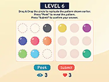 Sumérgete en un emocionante desafío de memoria donde necesitas memorizar patrones y recrearlos arrastrando y soltando círculos. Este juego comienza fácil, permitiéndote familiarizarte con las mecánicas, pero la dificultad aumenta rápidamente, especialmente cuando alcanzas el quinto nivel. Cada ronda presenta un nuevo patrón para recordar, poniendo a prueba tu memoria y atención al detalle. La jugabilidad atractiva y la dificultad creciente lo convierten en una prueba perfecta para tus habilidades cognitivas. ¡Disfruta jugando a este juego de memoria aquí en Y8.com!
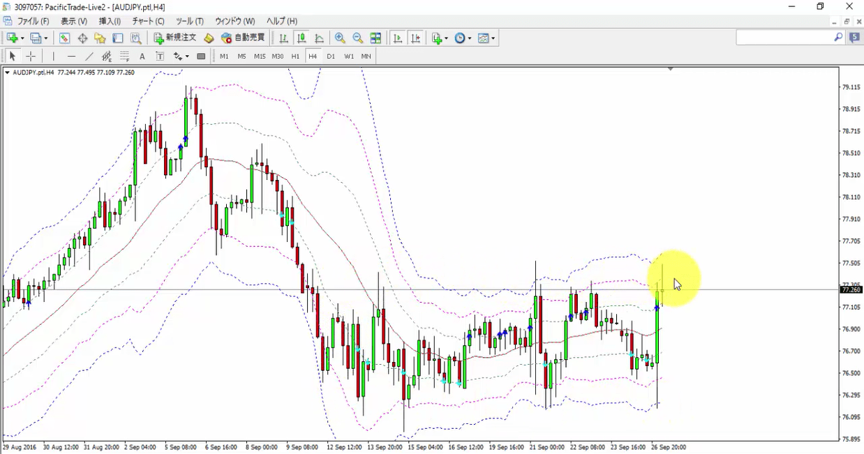 レートが±2σ間を上下に行ったり来たりしているのを確認できると思います。
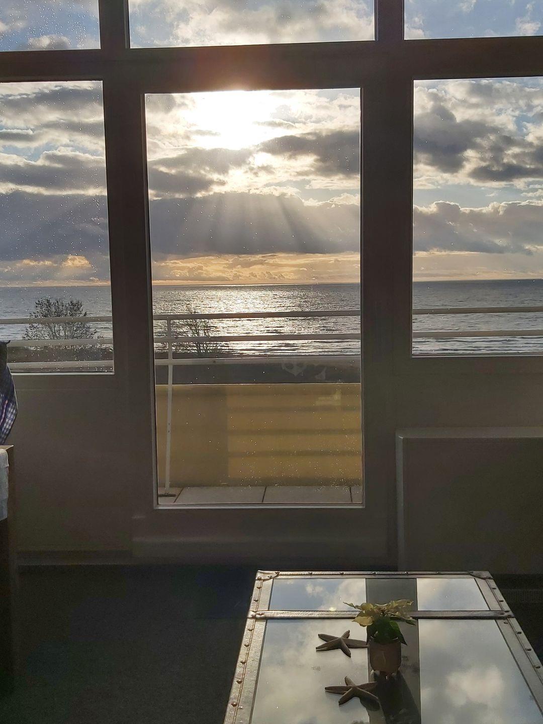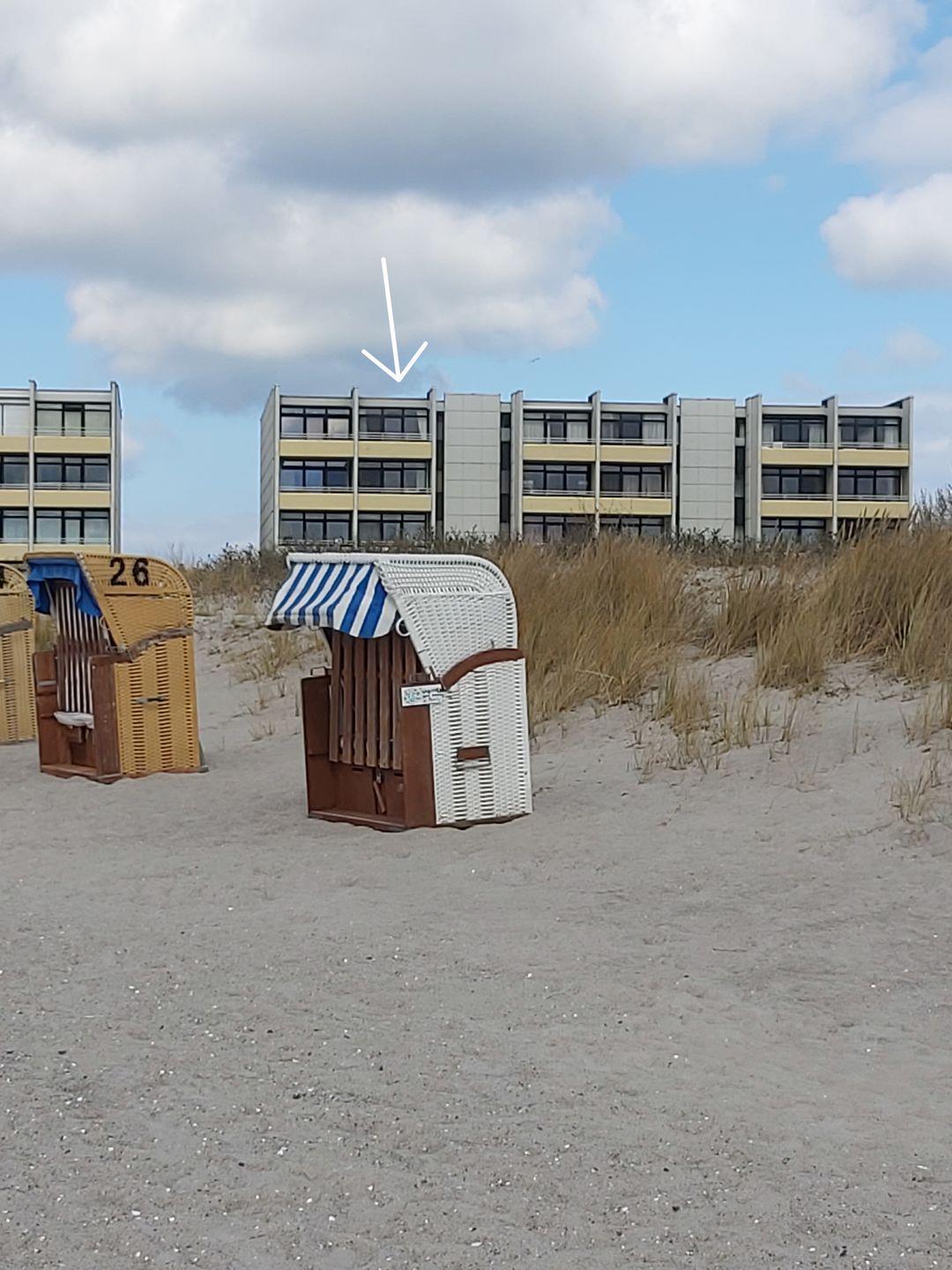 Helle Ferienwohnung "Windflüchter" mit Balkon und Meerblick direkt am Südstrand von Fehmarn.
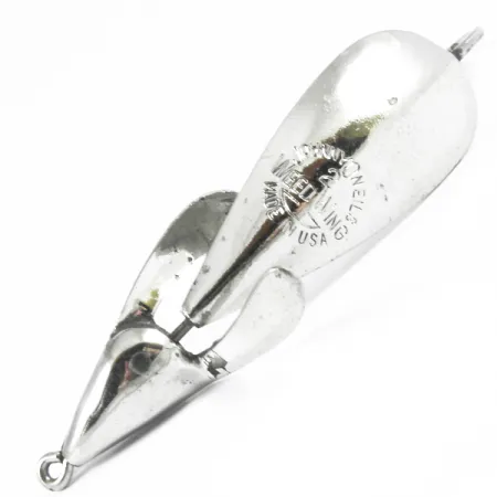 Frappé directement sur la surface en nickel poli de cet exemplaire, le marquage « Johnnie O'Neils Weed Wing Made in USA » l'identifie comme un grand classique de l'histoire du matériel de pêche de l'Ohio. Pesant 1/3 oz (9 g) pour une longueur de 2 1/4" (6 cm), le corps principal se compose d'un nez lesté en plomb couplé à une aile métallique pivotante. Cette cuillère de couleur Nickel utilise un hameçon simple robuste tourné vers le haut, protégé par un fin garde anti-herbe en fil de fer, une conception spécifiquement prévue pour lancer directement dans les herbiers denses ou les nénuphars. L'accastillage de cet article, identifié par le code 3523, témoigne de la lignée du design de 1957 de Johnnie O'Neil avant la transition de la marque vers Harrison Industries au milieu des années 1960. Concernant sa conservation, cette cuillère est en condition 4/5, conservant un aspect propre et brillant sur les surfaces métalliques et une connexion solide et intacte à l'œillet de tête.
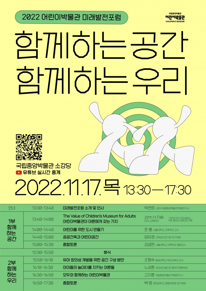 국립중앙박물관은 "전문가와 일반인 등 누구나 접속·참여할 수 있는 이번 포럼을 통해 어린이와 함께하는 미래지향적인 공간에 대해 다각도로 고민하고 성찰하는 뜻깊은 시간이 될 것으로 기대한다"고 밝혔다.
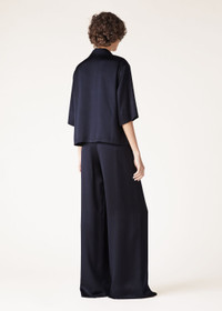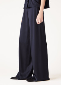 Reminiscent of a gentle stream trickling through a secluded forest clearing, the ethereal hue gently caresses the Dresden pants with the serene beauty of nature's most soothing melodies. This wide-leg pair in sumptuous silk have no pockets and an invisible side zip for a sleek aesthetic. Wear them with structured knits or blouses for a refined, contemporary look. Product details Invisible zip fastening covered button Pockets lined in canvas silk Composition: 100% Silk Model wears an IT 36 Model measures: height 5′ 10″/ 179cm, bust 30.3″/ 77cm, waist 23.2″/ 59cm, hips 34.3″/ 87cm. Product code: FAO3594
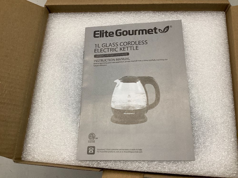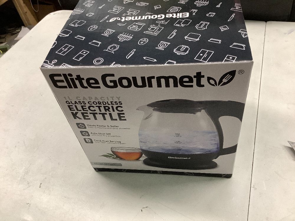 Elite Gourmet EKT1001 Electric 1.0L BPA-Free 1100W Glass Kettle Cordless 360° Base, Stylish Blue LED Interior, Handy Auto Shut-Off Function – Quickly Boil Water For Tea & More, Black

==================================================

> [Requirement]: The answer must be the lines above from the one containing "レートが±2σ間を上下に行ったり来たりしているのを確認できると思います。" through the one containing "Südstrand von Fehmarn.", reproduced exactly, with no pictures and nothing else.

> [Reply to the task]:
 レートが±2σ間を上下に行ったり来たりしているのを確認できると思います。
 Helle Ferienwohnung "Windflüchter" mit Balkon und Meerblick direkt am Südstrand von Fehmarn.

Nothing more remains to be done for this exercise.